For David-Fox, Soviet cultural diplomacy operated under the shadow of the history of Western-Russian interactions and perceptions. Far from overcoming it, the Bolshevik revolution only intensified the old obsession to overcome Russia’s perceived backwardness vis-à-vis Western powers. It radicalized the “dialectic of rejection and imitation, hostility and engagement” (p. 11) that for centuries had characterized Russian attitudes to the outside world. Soviet perceptions of visiting Westerners were marked by expressions of ideological superiority, frequently paired with exaggerated respect. But comparative sensitivities remained ingrained on both sides, and account for widespread manifestations of a sense of cultural superiority on the part of Western visitors. At the same time, cultural denigration of Russia often appears to have eased the articulation of ideological praise for the Soviet state.

Finally, David-Fox is concerned to demonstrate the ways in which Soviet cultural diplomacy operated at the intersection of the “internal” and “external” dimensions of the Soviet system. Thus, what many visitors suspected to be “Potemkin villages” specifically set up to deceive them, the “model sites” of socialism were in fact a characteristic expression of Soviet political culture. If they staged a largely non-existing Soviet world, their key function was not to deceive visitors, but to impart a particular way of viewing Soviet reality to foreigners and Soviets alike. While socialist “achievements” were to be viewed as significant harbingers of the future society, present problems were to be discounted as the diminishing legacies of the pre-Soviet past. On the one hand, visitors were being misled when asked to generalize from these unrepresentative institutions, as indeed they often did. But more importantly, many willingly accepted the Soviet perspective on the relative significance of “achievements” and “problems” – meaning that the whole question of representativeness became less acute. VOKS’s method of “cultural show” (kul’tpokaz), developed in the 1920s, thus appears as an anticipation of a phenomenon that, under the heading of Socialist Realism, became a hallmark of the Stalinist system. In much of the book, David-Fox also retraces the impact of the evolving Soviet system on the practice of cultural diplomacy. This includes notably the emergence of a “Stalinist superiority complex” during the years of the Great Break, and the crippling effects of the increasing conflation of domestic with foreign enemies, which culminated in the almost complete annihilation of VOKS personnel and the “Stalinist Westernizers” in 1937.

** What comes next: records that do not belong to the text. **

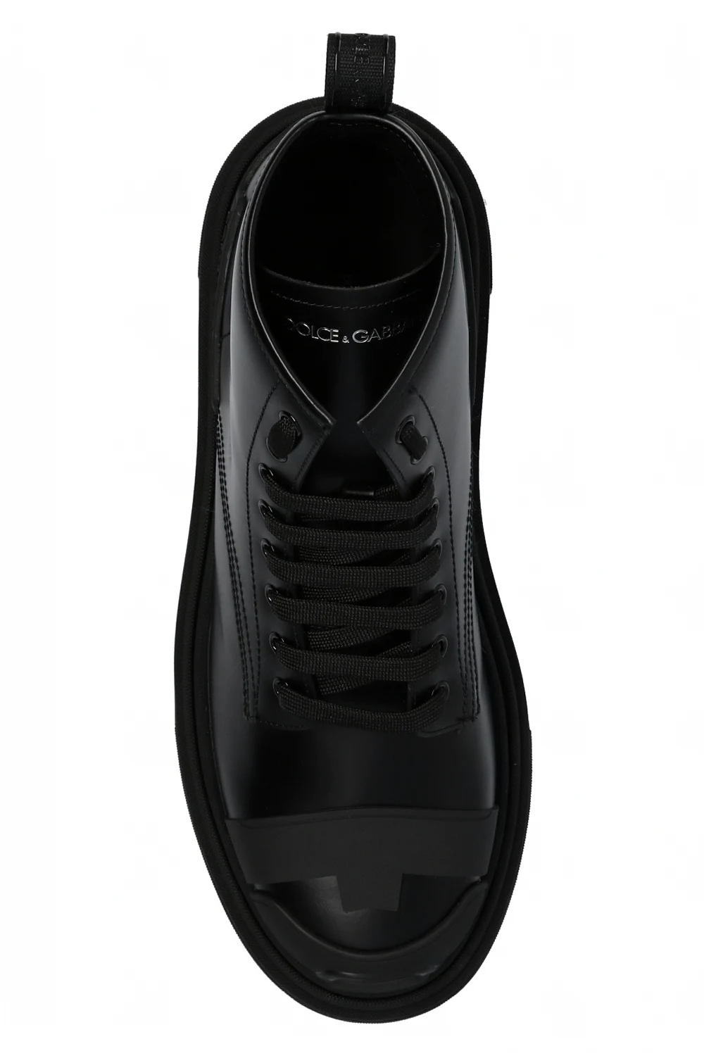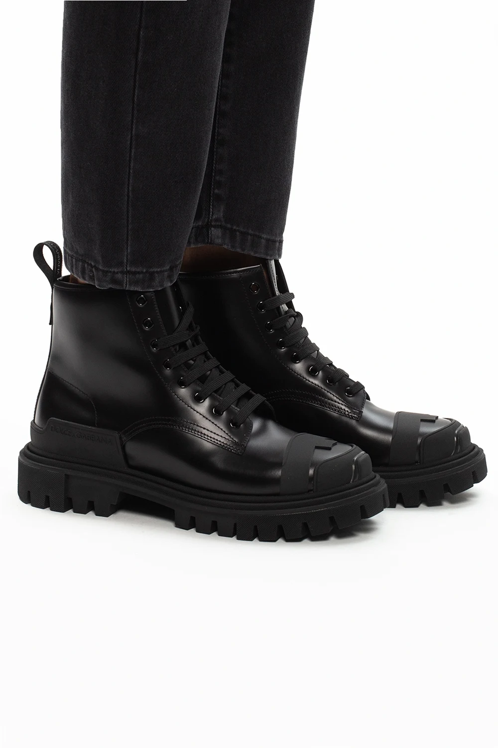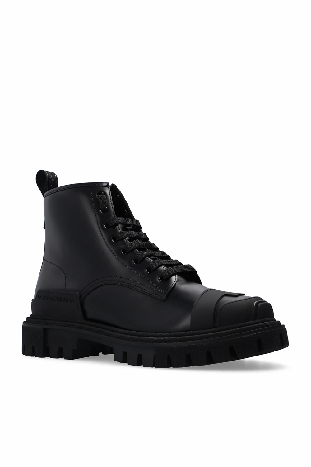 Black ankle boots from Dolce & Gabbana. Crafted from calf leather, this lace-up design features a grosgrain strap, raised logo and a black rubber sole.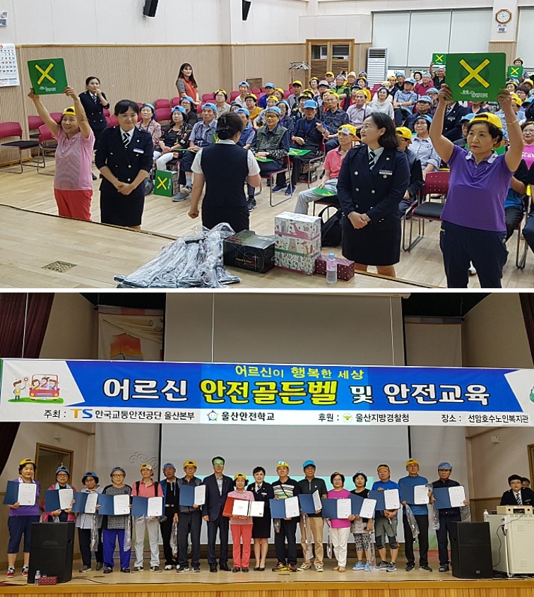2019.08.23(금) 09:30 복지관 1층 대강당에서 한국교통안전공단 울산본부와 울산안전학교 주최로 어르신들의 삶에 활력을 드리고 실력을 겨루며 올바른 안전문화정착에 기여하기 위한 '어르신 골든벨 대회'가 열렸습니다.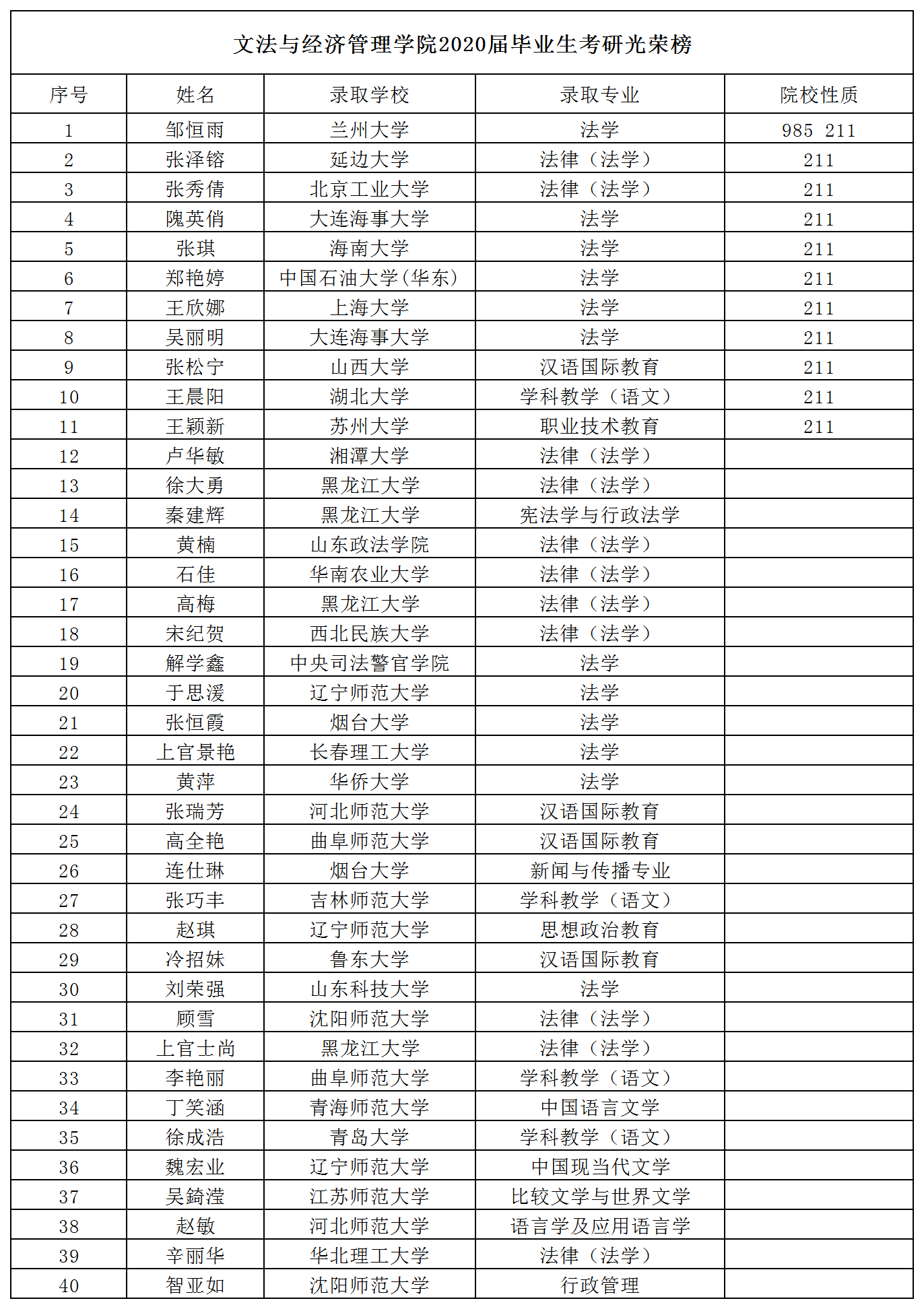 栀子花开季,金榜题名时。随着全国硕士研究生考试录取工作的完成,我院考研喜报频传。据统计,我院今年各专业共474名本科毕业生,209人报名参加研究生考试,40人被国内各大高校录取。其中11人被985、211高校录取。学院2020年度考研录取率为19.13%。

David-Fox’s dual focus on both the external and internal interactions of Soviet cultural diplomacy productively blurs conventional dividing lines between foreign policies and domestic developments; but it also creates centrifugal tendencies and further complicates what is already an intricate subject matter. The book’s organization, moreover, does not always make for the most lucid presentation of the arguments. David-Fox greatly expands and complicates our understanding of the mechanisms and processes at work in Soviet-Western interactions, yet precisely that makes generalizations and an overall assessment of Soviet cultural diplomacy and its results more difficult. We learn much about how Soviet cultural diplomacy scored surprising successes and why it suffered failures. But beyond the assertion that doubts and criticism were more common among visitors than previously assumed, and that Sovietophilia was on the whole not dominant among visitors, the general picture resulting from Soviet cultural diplomacy remains elusive. For those who want to deal with this question, David-Fox provides an indispensable foundation.